The Stack data structure
Based on last-in first-out LIFO mechanism, a stack can be used to reverse the sequence of elements in an array or other data structure.
Recursive functions use the (system) stack portion of memory and operate on a LIFO basis. This contrasts to a programmer’s stack. Some recursive functions can be converted into iterative functions, and vice versa.
The stack data is composed of a collection of elements (an array or linked list) and a pointer to the top of the stack (the address of the element at the top of the stack). There are several key operations:
- Push(x) - add one element x
- Pop() - remove one element
- Peek(index) - viewing the value of an element at a particular point in the stack
- stackTop() - viewing the uppermost element value
- isEmpty() - boolean true if the stack is empty
- isFull() - boolean true if the stack is full
Implementing stacks with arrays
Declare an array of given size and set the pointer to -1. An array is filled starting from the zeroth index and the pointer is adjusted to point to the non-null element. Constant insertion at the head of the array would require constant reshuffling of the elements, so it is preferable to fill an array starting from the first element.
One uses a struct to define a stack:
struct stack
{
int size; //decided at runtime
int top; //index of the uppermost element
int * stackPtr; //points to the uppermost element, an ultimately represents the array or linked list data type
};
//inside the main() function...
struct stack st;
//size required from another method or the user
//build a new array of required size in the heap with the pointer
st.stackPtr = new int[st.size];
//represents an empty stack (this will change soon enough), when isEmpty == true
st.top = -1;
Note that the structure ADT is not tied to an array. The pointer stackPtr could just as easily point to the first node of a linked list.
The push operation, O(1)
Achieved generally as check if isFull() is false, then top++ and then assign the value to the element.
void push(struct stack *st, int x)
{
if (st->top == st->size - 1)
{
printf("Stack is full");
}
else
{
st->top++;
st->stackPtr[st->top] = x;
}
}
The pop operation, O(1)
The pop operation can be repeated if top >= 0.
int pop(struct stack *st)
{
int x = -1;
if (st->top == -1)
{
printf("Stack is empty, nothing deleted");
}
else
{
x = st->stackPtr[st->top];
st->top--;
}
return x;
}
The peek operation, O(1)
The array index required = top - n + 1, where n = 1, 2, 3, … and represents the element starting from the uppermost element. If one wanted to peek at the 3rd element from the top, then the array index required would be top - 3 + 1.

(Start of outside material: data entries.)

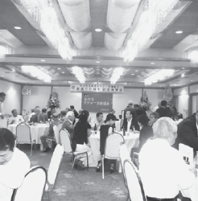 来賓挨拶では全自交本部松永書記長をはじめ連合、県平和センター代表らが祝辞を述べ、長崎地区労議長の乾杯発声で懇親会に入りました。全自交九州地連の仲間や連合・地域共闘の仲間の皆さん、県平和運動センター、長崎地区労、県タクOB会、そして長崎ハイタク経営者協議会等多くの仲間と諸先輩54名がお祝いに駆けつけました。歴史を引き継ぎ、闘い続ける長崎県タクの団結を誓い合い滞り無く祝賀会は終了しました。
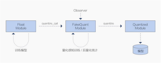 以常用的 Type3 为例,一个完整的量化流程分为三阶段:(1)以一个训练完毕的浮点模型(称为 Float 模型)为起点;(2)包含假量化算子的用浮点操作来模拟量化过程的新模型(Quantized-Float 模型或 QFloat 模型);(3)可以直接在终端设备上运行的模型(Quantized 模型,简称 Q 模型)。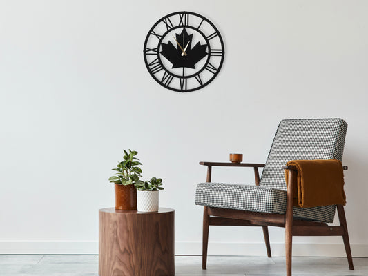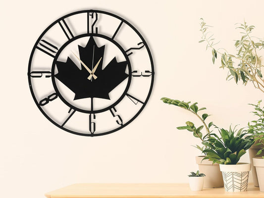Muyika Maple Leaf Roman Numerals Oversized Metal Wall Clock 20" | Silent Motor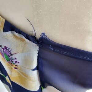 Floral summer dress with adjustable straps. This dress needs a little work which is why it is in my sale section. The seams under the arms need some restitching. There is also some residue from double sided tape on the bust. If you just cover it with your own tape it would not be noticed. Great summery dress!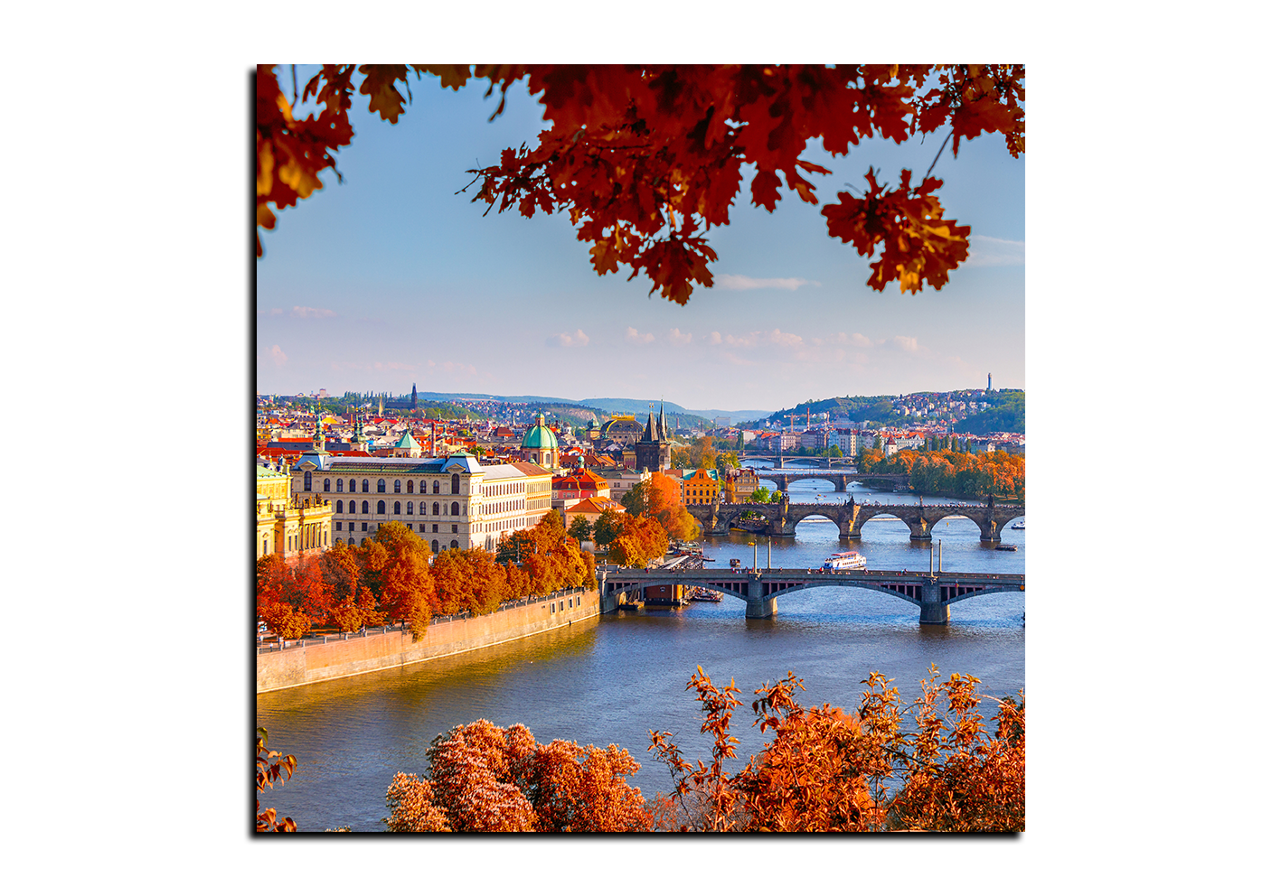 Obraz na plátně - Řeka Vltava a Karlův most - čtverec

//return the appropriate type as required (assume that all elements in the stack are positive integers)
int peek (struct stack st, int positionFromTop)
{
int x = -1;
if (st.top - positionFromTop + 1 < 0)
{
printf("Invalid position");
}
else
{
x = st.stackPtr[st.top - pos + 1];
}
return -1;
}
The stackTop() operation, O(1)
In addition to using peek(), one can use a modified form to give stackTop().
int stackTop(struct stack st) {
if (st.top == -1){
return -1;
}
return st.stackPtr[top];
}
The isEmpty() operation, O(1)
int isEmpty(struct stack st) {
if (st.top == -1){
return 1;
}
return 0;
}
The isFull() operation, O(1)
int isFull(struct stack st) {
if (st.top == st.size - 1){
return 1;
}
return 0;
}
Displaying array based stacks, O(n)
void Display(struct stack st)
{
int i;
for(i = st.top; i >= 0; i--)
printf("%d ", st.stackPtr[i]);
printf("\n");
}
Implementing stacks with linked lists
Unlike arrays, linked lists are filled at the beginning while resetting the pointer top.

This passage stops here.